You need following files as input:

  • Chen-Stereo_seq-E15.5-s1.h5ad: down sampled Stereo-seq dataset 1, download from here

  • Chen-Stereo_seq-E15.5-s2.h5ad: down sampled Stereo-seq dataset 2, download from here

[1]:
# uncomment this if you want to use interactive plot (only works in Jupyter not works in VScode)
# %matplotlib widget

import scanpy as sc
import numpy as np
import pandas as pd

import scSLAT
from scSLAT.model import Cal_Spatial_Net, load_anndatas, run_SLAT, spatial_match
from scSLAT.viz import match_3D_multi, hist, Sankey
from scSLAT.metrics import region_statistics
[2]:
sc.set_figure_params(scanpy=True, dpi=100, dpi_save=150, frameon=True, vector_friendly=True, fontsize=14)

Load datasets

First, we need to prepare the single cell spatial data into AnnData objects.
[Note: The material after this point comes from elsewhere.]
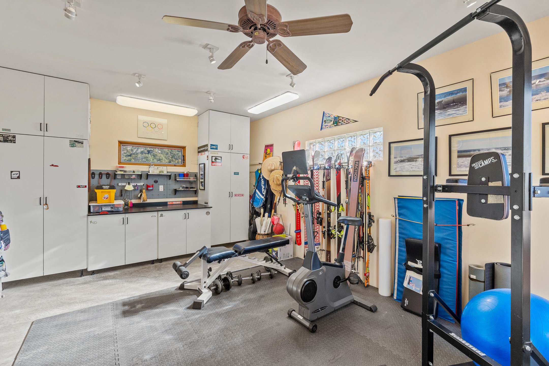 Move-in-ready, single-level home offering 3 bedrooms, 2 full bathrooms, and 1 half bathroom, plus an attached studio, located in the desirable Dos Griegos subdivision, approximately 20 minutes from Santa Fe. The main residence spans 2,995 square feet and features a thoughtfully designed floor plan with the primary suite and guest bedrooms situated in separate wings for optimal privacy. The living area showcases tall ceilings with vigas and tongue-and-groove planks, complemented by large windows that fill the home with abundant natural light. A formal dining room and a sunny breakfast nook provide flexible dining and entertaining options. The primary bedroom includes an extended office or flex space, while a full guest bath is conveniently located between the guest bedrooms, and a half bath sits just off the breakfast nook. Outdoor living is a highlight, with a fully enclosed, landscaped backyard on a drip irrigation system, a rear portal for enjoying the views, and a trellis off the primary bedroom. Two tranquil water features enhance the backyard setting, and an outdoor jacuzzi is ideally positioned between the attached studio and flex space. Additional features include three wood-burning kiva fireplaces, a side flagstone trellis, mature trees, and a welcoming front courtyard. Quality windows, new appliances, and exceptional craftsmanship throughout complete this offering. The home was awarded Best Craftsmanship in the Parade of Homes, reflecting its timeless design and attention to detail.

AnnData is the standard data class we use in scSLAT. See their documentation for more details if you are unfamiliar, including how to construct AnnData objects from scratch, and how to read data in other formats (csv, mtx, loom, etc.) into AnnData objects.

Here we just load existing h5ad files, which is the native file format for AnnData. The h5ad files used in this tutorial can be downloaded from here:

[3]:
adata1 = sc.read_h5ad('./Chen-Stereo_seq-E15.5-s1.h5ad')
adata2 = sc.read_h5ad('./Chen-Stereo_seq-E15.5-s2.h5ad')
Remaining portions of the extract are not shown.